Day one

ARC Europe start

We had a clean start off Nanny Cay with the 40 ARC yachts heading west on a broad reach to clear the islands. Of the ARC fleet, there were different rallies sharing the same start, some were heading straight to Florida, most going to Bermuda but with some of those heading on up to Virginia. The giant Apsaras from Hong Kong carved through the fleet and was gone. At 23 metres she is far and away the largest yacht in the rally and she must have been too big for the Marina as I hadn’t noticed her in Nanny Cay.

Gybing around the end of Great Thatch Island the wind which had been up to 28 knots between the islands dropped to next to nothing in the lee and we ran the engine for 3 minutes to clear the wind shadow. Passing to the west of Jost Van Dyke, we enjoyed an excellent beam reach in a steady F4 until just before midnight when the wind dropped away. The forecast is for the wind to completely disappear in a few days’ time and inevitably result in motoring in towards the end of the week so, with plenty of diesel on board and Ollie to meet, there was no debate and we started the engine. With an economical engine speed of 1900 revs we picked our pace up to just over 5 knots. Perversely, there were faster yachts hanging onto the remnants of the wind and doing less than 3 knots which given the complete absence of wind later on seemed to be just delaying the inevitable. The finishing line closes on Saturday evening so they will need to pick up their pace somehow before then.
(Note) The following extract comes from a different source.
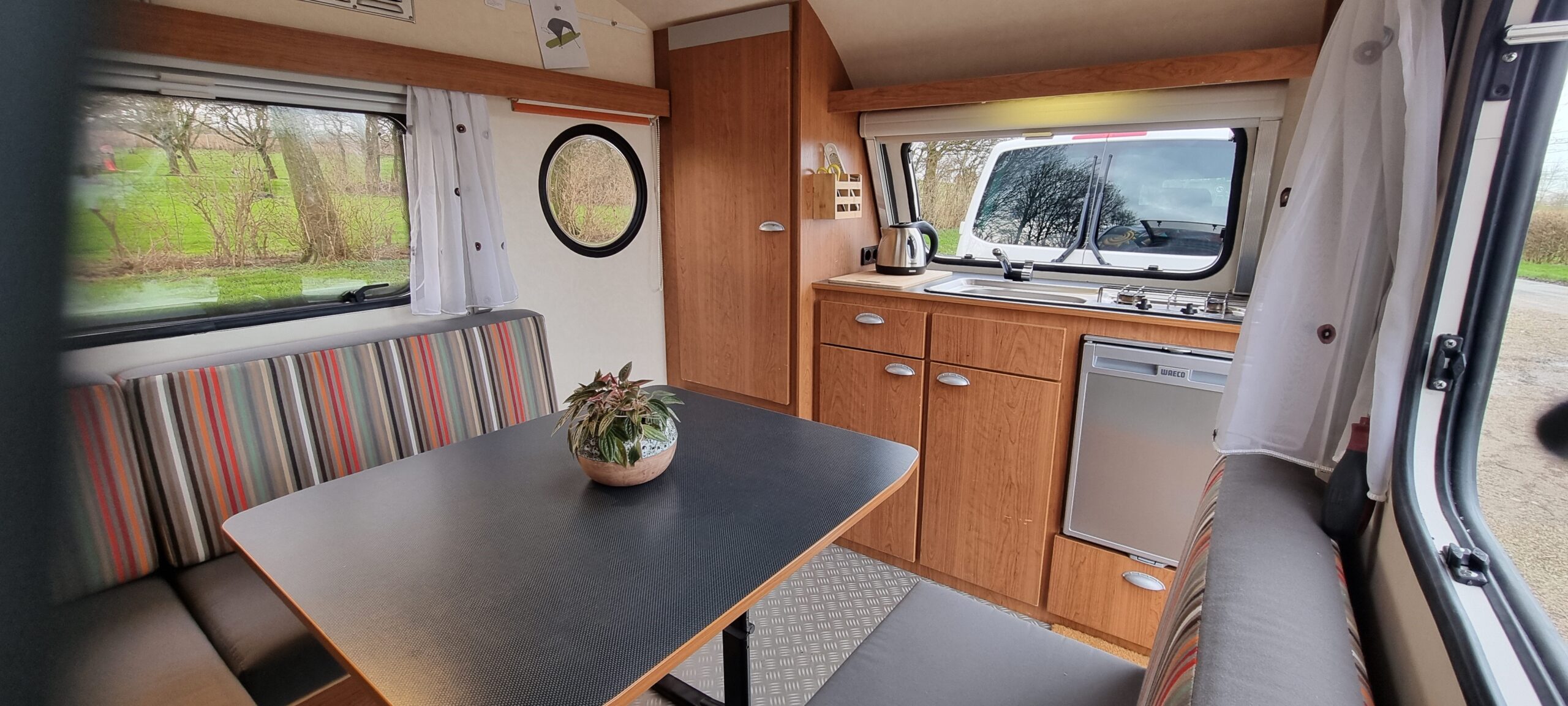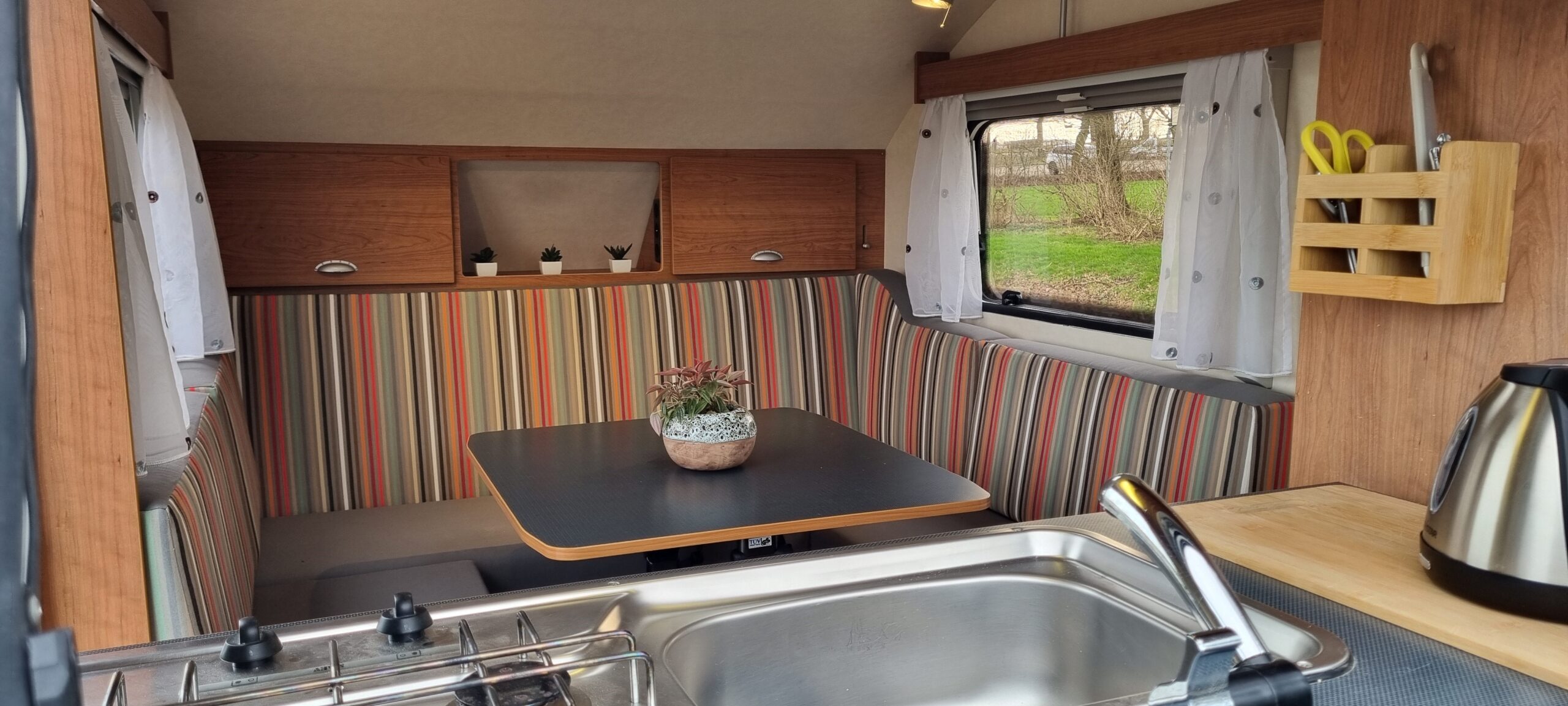 De T@B is licht zodat u hem dus eenvoudig op zijn plaats kunt manoeuvreren, nadat u dit heeft gedaan kunt u de bijgeleverde luifel er e.v.t. aanzetten. In de keuken vindt u een compleet servies met pannen en keukengerei.

Our evening meal was the first of the recently discovered ‘boil in the bag’ lamb shank meals from Costco. These don’t need to be refrigerated and heat up in 25 minutes, an ideal staple to have on board. With tins of potatoes, peas and carrots, served in bowls, it proved to be a winner. Ollie may be shopping at Costco before he leaves!

It was disconcerting to find that a yacht quite close alongside not only was not transmitting an AIS signal but also not showing any lights and we concluded that they must be experiencing some electrical problems. We tracked them on radar while we also monitored the rain clouds surrounding us.

At 0430, the ‘purple menace’ showing on the radar caught up with us and we suffered a downpour necessitating a precautionary hatch check, inevitably the hatch over my bed was open for ventilation so, more soggy bedding. Dawn at 0530 saw an improvement and by 0600, the engine was off and although still very cloudy there was at least the prospect of a good sail.